PONDICHERRY UNIVERSITY
(A CENTRAL UNIVERSITY)
SCHOOL OF ENGINEERING AND TECHNOLOGY
DEPARTMENT OF COMPUTER SCIENCE
Master of Technology
(Network & Information Security)
Project Phase -1
Title: Predictive Analysis to SQL Injection Attack Detection and
Prevention using Machine Learning Approach.
Software Requirements Specification document
by
Mukilarasu M
(20394015)
Under Guidance of Project Guide: Mr. K. PALANIVEL
M.Tech, UGC-NET,
Systems Analyst (Sr. Scale),
Computer Centre,
Pondicherry University.
Signature of Project Guide:
Software Requirements Specification (SRS)
Table of Contents
1. Abstract
2. Introduction
3. Scope
4. Background
5. Module
5.1.Prevention of SQLIA
5.2.Understanding the Architecture for Detection of SQLIA
5.3. Proposed Technique.
5.4.Testing.
6. Language & Platform
7. Design & Deployment
8.Schedule.
1.ABSTRACT:
Web application has various input functions which are susceptible to SQL-
Injection attack. SQL-Injection occurs by injecting suspicious code or data
fragments in a web application.Personal information disclosure ,loss of
authenticity, data theft and site fishing falls under this attack category. It is
impossible to check original data code and suspicious data code using available
algorithms and approaches because of inefficient and proper training techniques
of dataset or design aspects.
In this paper we will use SVM (Support Vector Machine) for classification and
prediction of SQL-Injection attack. In our propose algorithm, SQL-Injection attack
detection accuracy is (96.47% and which is the highest among the existing SQL-
Injection detection Techniques.
In this technique, the SVM algorithm will be trained with all possible malicious
expressions and then generate the model. Whenever a user gives any new query
then SVM will be applied to that model to predict whether a given query contains
any malicious expressions or not. If the user invents the new technique then also
SVM can detect that malicious expression by matching with a minimum number
of syntax.
2.INTRODUCTION:
In recent years, much research has been conducted not only at educational
institutions but also to prevent needle attacks. Below are some of the preventive
measures recommended by researchers. Vulnerabilities in the Web can
compromise personal information and other valuable resources. When a user
tries to submit a request to a web server, I does this using Hypertext Markup
Language (HTML) forms, Uniform Resource Positions (URLs), or other fields where
data can be entered. The unfiltered form allows users to use SQL injection. This is
because the form data submitted to the database is processed and processed
without checking. SQL Hall of Fame Search reports the latest trends in SQLIA data
triggers. The ability to protect your backend database from SQLIA in the big data
era is a subject-based issue.
SQL injection is a type of attack that enables an attacker to access or alter data by
inserting query language code composed of a web form login form. A SQL
injection vulnerability could allow an attacker to send commands directly to the
base database of the web application, removing privacy and functionality. SVM is
a set of methods of supervisory learning based on the theory of statistical learning
and used for classification and regression tasks. As a classification system, SVM is
a global model of classification that generates non-overlapping parts and uses all
characteristics in general. The partitions are shared in one pass, creating linear
and linear partitions. SVM is based on maximum margin and linear discriminant,
similar to a probabilistic approach, but without considering the dependencies
between qualities. The basic idea of the SVM classifier is to choose this approach,
the max bridge plane.
A type of SQL detection system built into the cloud environment that protects
web applications in cloud deployments and provides dynamic analysis and input
filtering. First, this method gets the SQL keywords through a lexical order analysis
of the SQL statement. Then analyze the syntax of the SQL statement to create a
rule expression. Finally, a miniature view based on the attack detection model
defined by the SQL syntax arrangement was passed. To prevent SQL injection
attacks, many techniques such as content filtering, attack testing, and defensive
coding are used to identify and prevent a subset of SQL filtering vulnerabilities.

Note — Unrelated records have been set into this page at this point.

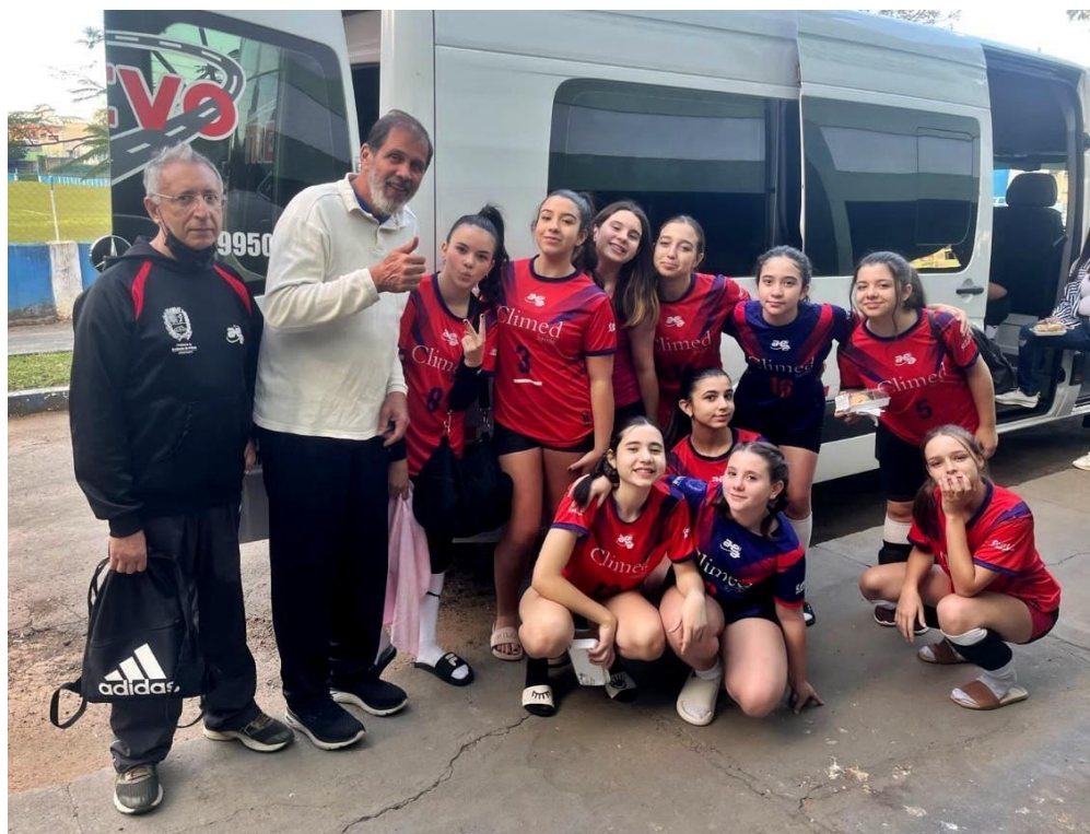
Sub-15 feminino na Liga Regional de Voleibol (MAI/2023)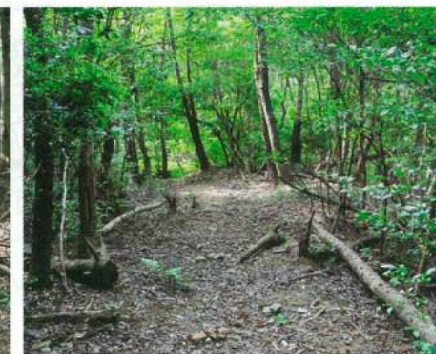
道標番号: 11までの道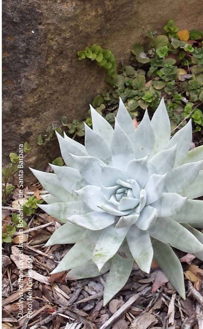
Dudleya brittonii en el Jardín Botánico de Santa Bárbara

El mes pasado, el director ejecutivo del JBSB, el Dr. Steve Windhager, me hospedó por varios días en su casa cuando visité su jardín, Lotusland, Casa del Herrero y el museo de historia natural de Santa Bárbara. EL JBSB celebrará su 90 aniversario en este venidero 2016 acompañado de la gran inauguración de su nuevo centro de visitantes, el cual ahora se encuentra en construcción. El JBSB fue el primer jardín botánico de los Estados Unidos establecido con la estricta misión enfocada en las plantas nativas y ofrece un recurso increíble para quienes buscan explorar la rica y diversa flora de California. Cualquier visita a Santa Bárbara debe incluir tiempo especialmente reservado para experimentar las maravillas naturales en el Jardín Botánico de Santa Bárbara.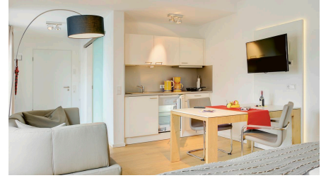
Apartments mit ca. 32 bzw. 50 m 2 Wohnfläche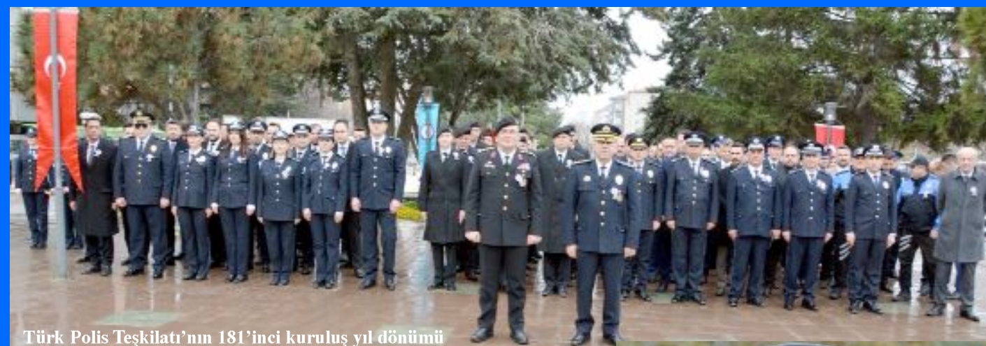
Türk Polis Teşkilatı'nın 181'inci kuruluş yıl dönümü nedeniyle Atatürk Anıtı'nda tören düzenlendi.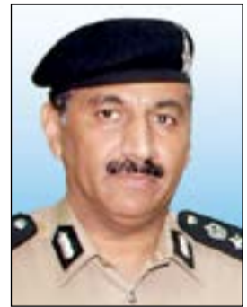
اللواء فهد الشويع

المركبة المخالفة بوضع مكان مراجعة المخالف لدفع الغرامة واستلام اللوحات المعدنية بعد انتهاء فترة سحبه. وأوضح اللواء الشويع أن القرار جاء نظرا لزيادة ظاهرة عرقلة حركة السير من قبل الكثير من المركبات وبالتالي سيتم تفعيل المادة 42 من قانون المرور والتي تنص على: (يجوز لمدير عام الإدارة العامة للمرور سحب رخصة السوق أو إجازة تسيير المركبة مع لוחاتها أو الاثنين معا سحبا إداريا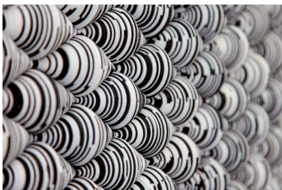
Carmen Perrin, Captures 2012 (détail), noir blanc, technique mixte, caoutchouc mousse perforé, 65,5 x123, 5x10cm © DR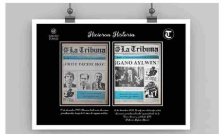
El 16 de agosto de 1961 se publicó una edición especial de La Tribuna dedicada al triunfo de Chile, que permitió al lector en cada una de las páginas del deporte.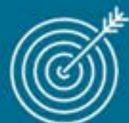
SALÓN DE JUEGOS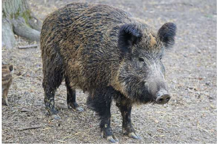
Oant hjoed-de-dei is bargefleis foar in sus en in leur te keap yn Portugal.

A l sitte we sa'n fyftich kilometer streamop fan 'e riviermûning ôf, wy hawwe hjir noch altyd de ynfloed fan eb en tij ... mei in fertraging fan goed trije oere. Dy trankyl pulsearjende 1 beweging sit de lju hjir ek wat yn it bloed – de wrâld leit harren wol sljocht. Dat hat neffens my ek wat mei it moarske komôf te meitsjen. Wy hawwe yn it Westen noch de yllúzje dat wy ús lot yn eigen hân hawwe ... as we der mar boppe-op sitte. De profeet Mohammed wie lykwols fan betinken: it hat neat gjin sin en rin jins lot nei, want jins lot rint jin wol nei . Dy yn westerske eagen wat fatalistyske libbenshâlding fynt men teffens werom yn de hertsearige Portugeeske muzykfoarm fado (= lot).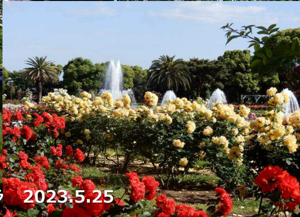
神戸の春の掉尾を飾る須磨離宮公園 春のバラ 2023.5.25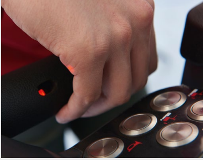
Sicherheitssensor am rechten Griff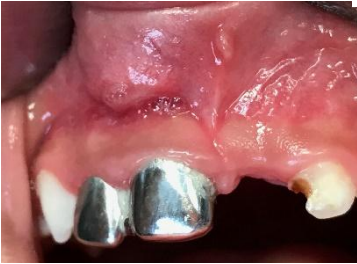
Figura 1. Fotografía intraoral en la cual se observo edema y hematoma en el tejido blando.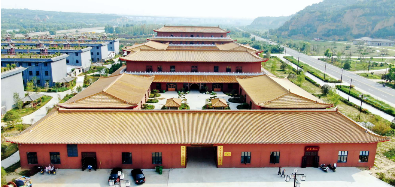
函谷关党建文化交流中心

国之交，在于民相亲；民相亲，在于心相通。中华优秀传统文化是世界了解中国的一扇窗户，以老子文化为核心的优秀传统文化是中华五千年文明的重要承载者。函谷关更是中华优秀传统文化的汇聚地。未来，河南鑫山实业将一如既往地肩负起传承、弘扬中华优秀传统文化的责任担当，通过开展形式多样的国际文化交流研讨活动，把以老子文化为核心的中华优秀传统文化“请进来、带回去、走出去”，推动中华优秀传统文化交流互动、创造性转化、创新性发展，讲好中国故事。👉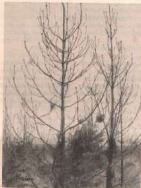
Árvores atacadas por formigas cortadeiras.

Deve-se, ainda, considerar a possibilidade de diminuição dos riscos à saúde dos trabalhadores que lidam com os formicidas, dos riscos de transporte e armazenamento e daqueles provocados pelo descarte dos restos e das embalagens dos produtos, além dos recursos financeiros que poderiam ser economizados com a ausência de tais riscos.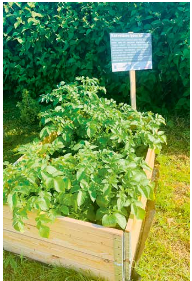
Selle aasta mais liitus lasteaed Eesti Taimikasvatuse Instituudi korraldatud kartuli kasvatamise projektiga.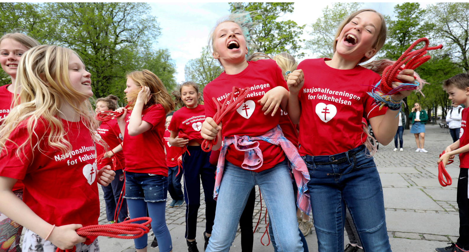
Hopp for hjertet er vårens vakreste eventyr. For tolvte året på rad hoppet elever fra hele Norge seg gjennom to uker. Over 90 000 elever fra over 1 400 skoler deltok i 2019.

For å utjevne sosiale helseforskjeller er vi opptatt av å styrke helsestasjoner

SQL checks will recognize this as a malicious query Queries paid by the attacker
will be stopped by the database parser.
Python is a programming language at a high level that is easy to read and execute.
For commercial applications, it is open-source and free. It is called a Python, Ruby,
or Perl scripting language and is mostly used to build web applications and
interactive web content. It is possible to evaluate the scripts (.py files)
immediately written in Python. Save the file as a compiled program (.py file) that
is used in other Python programs as a programming block that can be expressed.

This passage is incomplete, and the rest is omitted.